Line by line, return the listing exactly, without any of the images.

▶ **GIVEN MATERIAL**
==============================

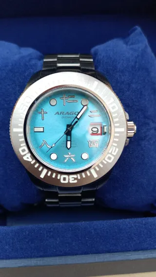 ARAGON DIVEMASTER II CHINESE CHARACTER Referencia: A334CHI (Divemaster II CC) Reloj diver contundente de línea tool-watch con dial “Chinese Character” y presencia muy marcada. Diseño pensado para quien busca tamaño y lectura incluso en condiciones exigentes Caja en acero inoxidable de 45 mm Cristal K1 (mineral endurecido) Bisel giratorio unidireccional con lumen en azul Esfera azul coral / Caribbean blue con numerales en caracteres chinos Indices con lumen (white lume que brilla en verde en los índices horarios) y fechador con lente magnificadora y marco en rojo Movimiento automático Seiko NH35 con fecha 200 metros
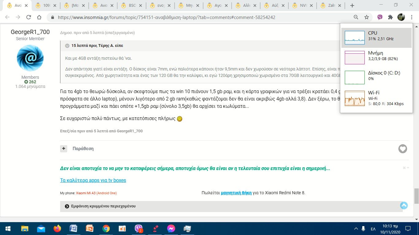 Με ανοιχτό Zoom, Viber, Messenger, 12 καρτέλες Chrome και ένα έγγραφο office, αλλά αν έχει την άνεση να πάει σε 8GB. Οι απαιτήσεις των εφαρμογών ολοένα και αυξάνονται.
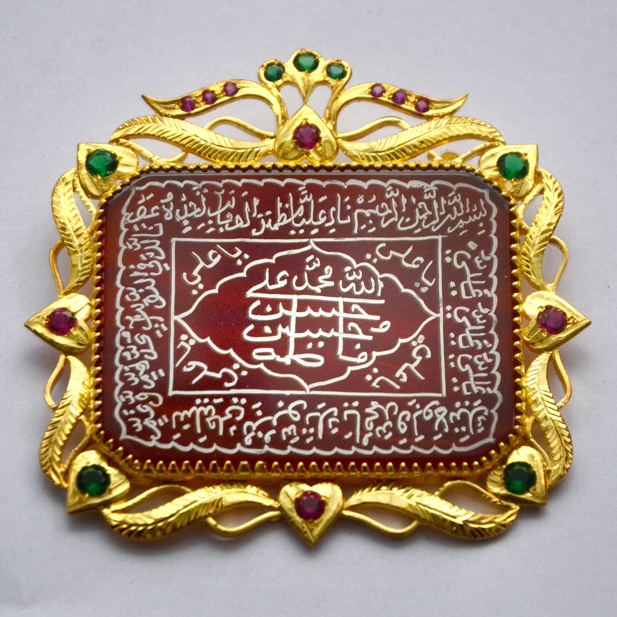 We have precious collection of Akik Takhtis, Mor danas,etc. On the costumers demand we make takhtis of their size and their range. We can write all the things you suggest to us on your order. We write "Nadeali & Panjatan together on a takhti. We provide you with many types of shapes in takhtis like square, rectangle, oval, aasu shape,etc. We also make exclusive Chandi Takhti for bridal purpose
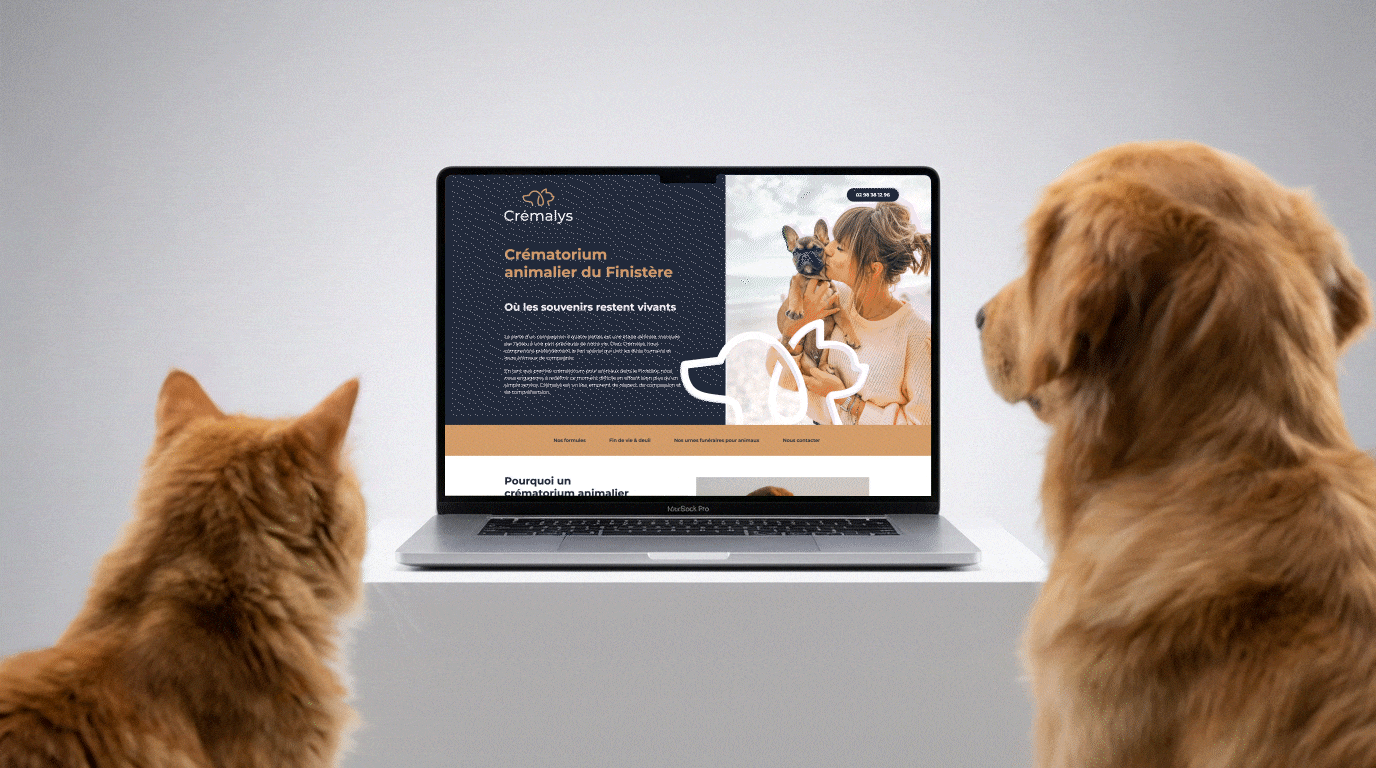 Alain et Mickaël avaient une vision très claire : créer un lieu de proximité pour que les familles du Finistère n’aient plus à voir partir leur animal dans un autre département pour sa crémation. Ensemble, nous avons transformé cette idée en une marque, une expérience sur site et un écosystème digital cohérent, du logo à la présence en ligne.

==============================

▶ **OUTPUT OF THE EXERCISE**
 ARAGON DIVEMASTER II CHINESE CHARACTER Referencia: A334CHI (Divemaster II CC) Reloj diver contundente de línea tool-watch con dial “Chinese Character” y presencia muy marcada. Diseño pensado para quien busca tamaño y lectura incluso en condiciones exigentes Caja en acero inoxidable de 45 mm Cristal K1 (mineral endurecido) Bisel giratorio unidireccional con lumen en azul Esfera azul coral / Caribbean blue con numerales en caracteres chinos Indices con lumen (white lume que brilla en verde en los índices horarios) y fechador con lente magnificadora y marco en rojo Movimiento automático Seiko NH35 con fecha 200 metros
 Με ανοιχτό Zoom, Viber, Messenger, 12 καρτέλες Chrome και ένα έγγραφο office, αλλά αν έχει την άνεση να πάει σε 8GB. Οι απαιτήσεις των εφαρμογών ολοένα και αυξάνονται.
 We have precious collection of Akik Takhtis, Mor danas,etc. On the costumers demand we make takhtis of their size and their range. We can write all the things you suggest to us on your order. We write "Nadeali & Panjatan together on a takhti. We provide you with many types of shapes in takhtis like square, rectangle, oval, aasu shape,etc. We also make exclusive Chandi Takhti for bridal purpose
 Alain et Mickaël avaient une vision très claire : créer un lieu de proximité pour que les familles du Finistère n’aient plus à voir partir leur animal dans un autre département pour sa crémation. Ensemble, nous avons transformé cette idée en une marque, une expérience sur site et un écosystème digital cohérent, du logo à la présence en ligne.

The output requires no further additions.